## Your instructions
For each record that follows, give it back exactly, with no pictures included.

## Supplied material
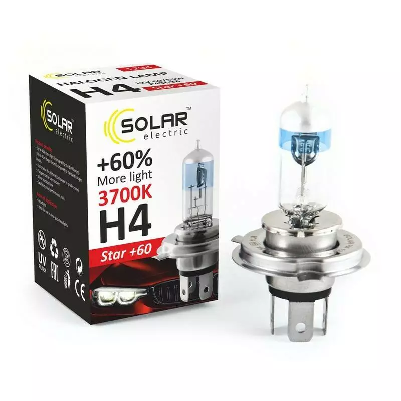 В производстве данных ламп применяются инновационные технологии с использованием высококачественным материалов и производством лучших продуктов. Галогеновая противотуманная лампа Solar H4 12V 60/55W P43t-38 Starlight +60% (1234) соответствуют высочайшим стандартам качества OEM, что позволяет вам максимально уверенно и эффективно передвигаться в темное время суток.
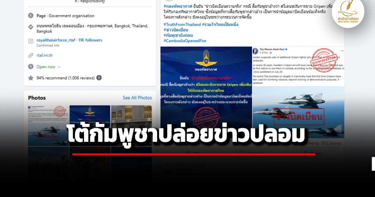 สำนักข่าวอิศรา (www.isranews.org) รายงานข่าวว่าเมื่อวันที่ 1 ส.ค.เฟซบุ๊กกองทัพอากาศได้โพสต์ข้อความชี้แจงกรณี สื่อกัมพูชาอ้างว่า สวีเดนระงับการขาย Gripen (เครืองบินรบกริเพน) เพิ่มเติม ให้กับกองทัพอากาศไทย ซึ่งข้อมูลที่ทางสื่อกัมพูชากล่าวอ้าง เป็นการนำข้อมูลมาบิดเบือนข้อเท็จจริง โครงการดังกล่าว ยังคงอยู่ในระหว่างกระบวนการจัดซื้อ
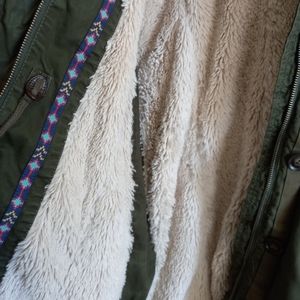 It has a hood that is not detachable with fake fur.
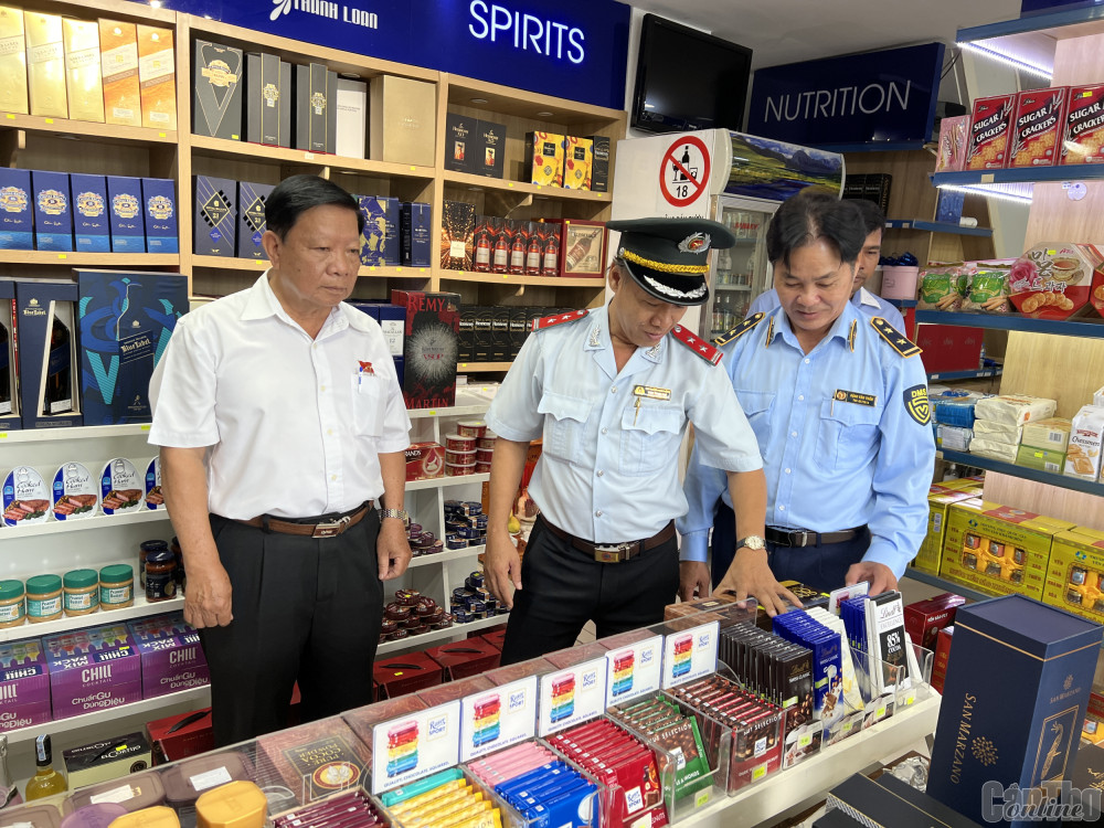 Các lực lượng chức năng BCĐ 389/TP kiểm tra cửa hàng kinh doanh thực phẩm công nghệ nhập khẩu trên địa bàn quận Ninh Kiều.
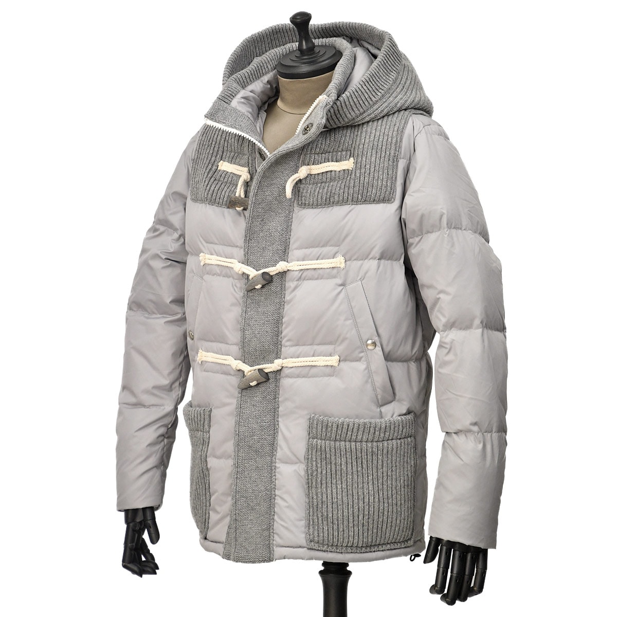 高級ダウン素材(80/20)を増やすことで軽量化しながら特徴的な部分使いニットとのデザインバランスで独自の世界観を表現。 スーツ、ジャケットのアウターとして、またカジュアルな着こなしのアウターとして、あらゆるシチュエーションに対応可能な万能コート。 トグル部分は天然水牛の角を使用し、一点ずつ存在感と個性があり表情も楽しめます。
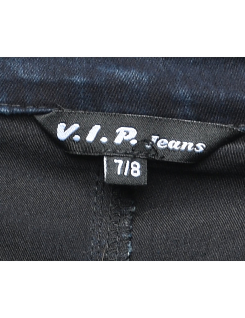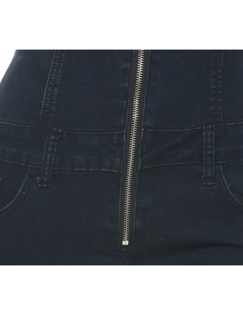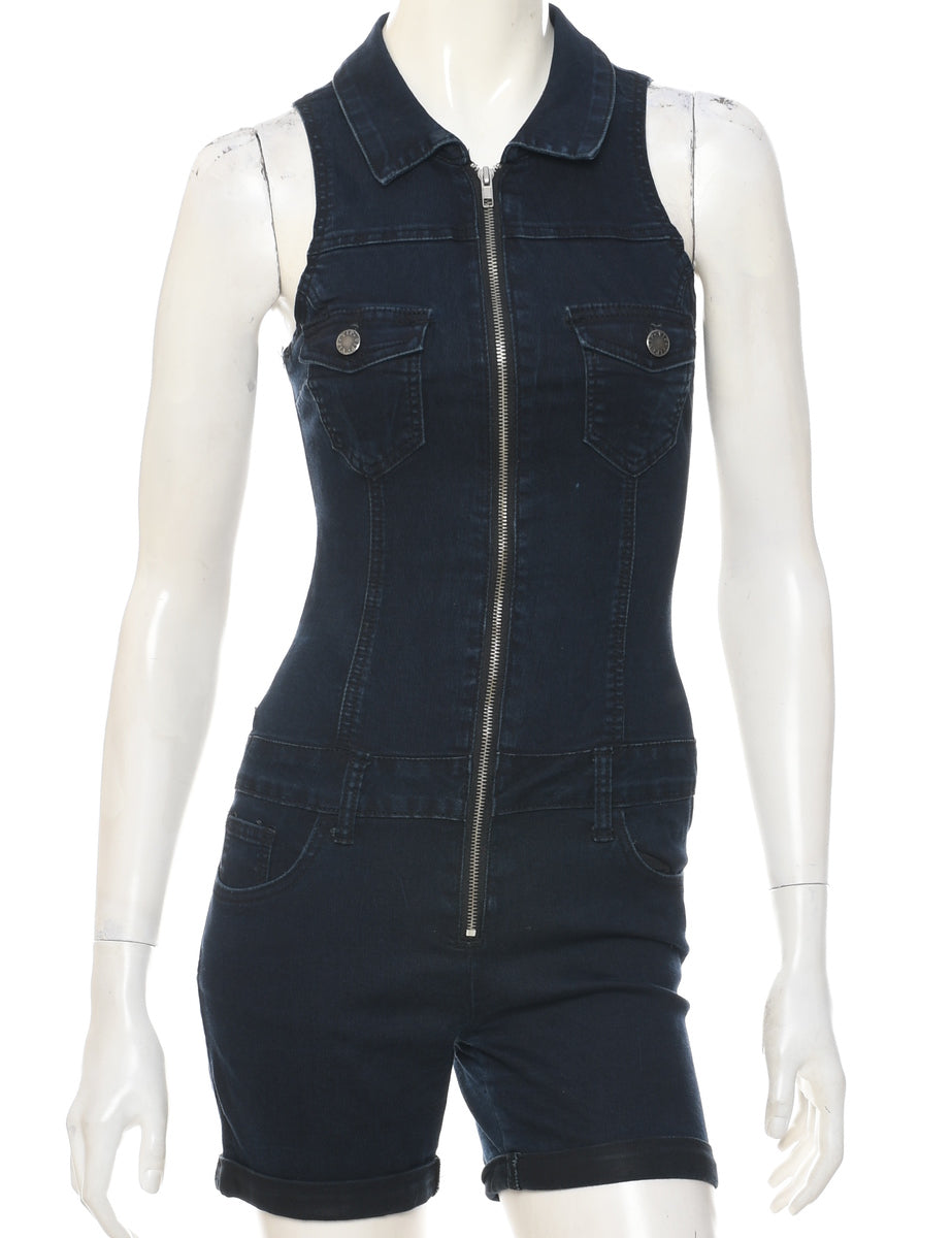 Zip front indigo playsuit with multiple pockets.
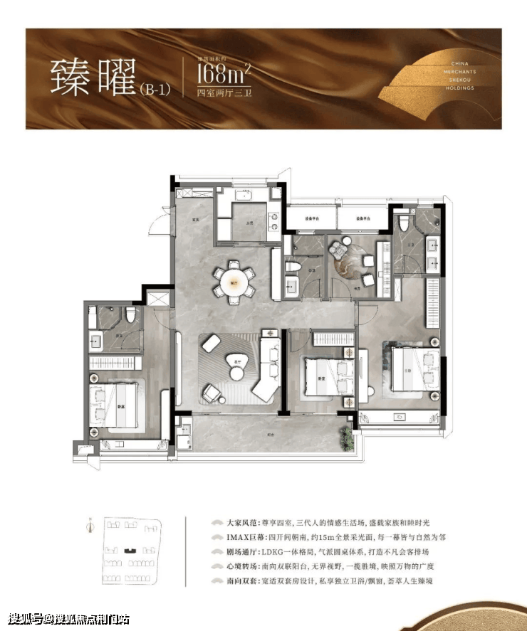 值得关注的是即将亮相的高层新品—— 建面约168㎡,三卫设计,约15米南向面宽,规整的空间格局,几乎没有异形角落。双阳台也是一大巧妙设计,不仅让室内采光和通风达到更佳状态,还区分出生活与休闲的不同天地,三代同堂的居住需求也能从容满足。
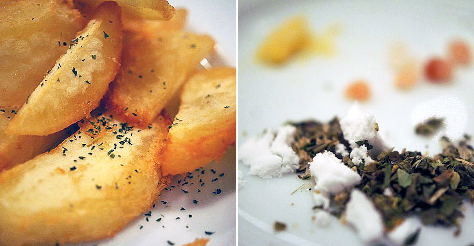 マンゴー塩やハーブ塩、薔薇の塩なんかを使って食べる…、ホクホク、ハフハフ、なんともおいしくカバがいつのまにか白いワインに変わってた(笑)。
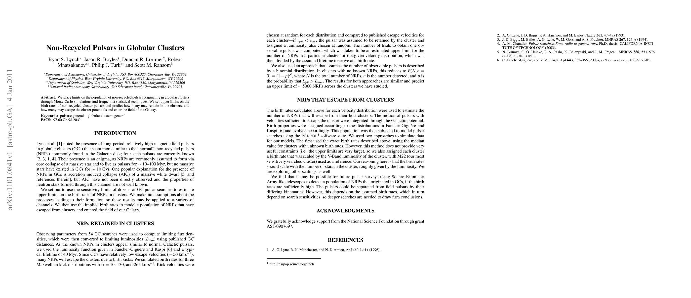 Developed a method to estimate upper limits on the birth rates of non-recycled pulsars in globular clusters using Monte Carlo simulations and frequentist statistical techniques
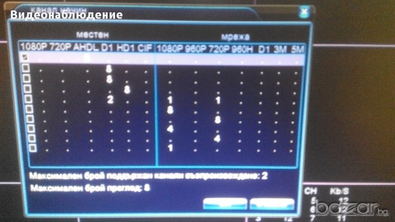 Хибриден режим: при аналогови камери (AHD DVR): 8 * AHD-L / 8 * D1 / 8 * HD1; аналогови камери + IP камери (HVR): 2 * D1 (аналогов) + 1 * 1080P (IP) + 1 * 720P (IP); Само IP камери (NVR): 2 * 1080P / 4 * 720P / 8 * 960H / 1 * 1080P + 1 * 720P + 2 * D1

## Response
 В производстве данных ламп применяются инновационные технологии с использованием высококачественным материалов и производством лучших продуктов. Галогеновая противотуманная лампа Solar H4 12V 60/55W P43t-38 Starlight +60% (1234) соответствуют высочайшим стандартам качества OEM, что позволяет вам максимально уверенно и эффективно передвигаться в темное время суток.
 สำนักข่าวอิศรา (www.isranews.org) รายงานข่าวว่าเมื่อวันที่ 1 ส.ค.เฟซบุ๊กกองทัพอากาศได้โพสต์ข้อความชี้แจงกรณี สื่อกัมพูชาอ้างว่า สวีเดนระงับการขาย Gripen (เครืองบินรบกริเพน) เพิ่มเติม ให้กับกองทัพอากาศไทย ซึ่งข้อมูลที่ทางสื่อกัมพูชากล่าวอ้าง เป็นการนำข้อมูลมาบิดเบือนข้อเท็จจริง โครงการดังกล่าว ยังคงอยู่ในระหว่างกระบวนการจัดซื้อ
 It has a hood that is not detachable with fake fur.
 Các lực lượng chức năng BCĐ 389/TP kiểm tra cửa hàng kinh doanh thực phẩm công nghệ nhập khẩu trên địa bàn quận Ninh Kiều.
 高級ダウン素材(80/20)を増やすことで軽量化しながら特徴的な部分使いニットとのデザインバランスで独自の世界観を表現。 スーツ、ジャケットのアウターとして、またカジュアルな着こなしのアウターとして、あらゆるシチュエーションに対応可能な万能コート。 トグル部分は天然水牛の角を使用し、一点ずつ存在感と個性があり表情も楽しめます。
 Zip front indigo playsuit with multiple pockets.
 值得关注的是即将亮相的高层新品—— 建面约168㎡,三卫设计,约15米南向面宽,规整的空间格局,几乎没有异形角落。双阳台也是一大巧妙设计,不仅让室内采光和通风达到更佳状态,还区分出生活与休闲的不同天地,三代同堂的居住需求也能从容满足。
 マンゴー塩やハーブ塩、薔薇の塩なんかを使って食べる…、ホクホク、ハフハフ、なんともおいしくカバがいつのまにか白いワインに変わってた(笑)。
 Developed a method to estimate upper limits on the birth rates of non-recycled pulsars in globular clusters using Monte Carlo simulations and frequentist statistical techniques
 Хибриден режим: при аналогови камери (AHD DVR): 8 * AHD-L / 8 * D1 / 8 * HD1; аналогови камери + IP камери (HVR): 2 * D1 (аналогов) + 1 * 1080P (IP) + 1 * 720P (IP); Само IP камери (NVR): 2 * 1080P / 4 * 720P / 8 * 960H / 1 * 1080P + 1 * 720P + 2 * D1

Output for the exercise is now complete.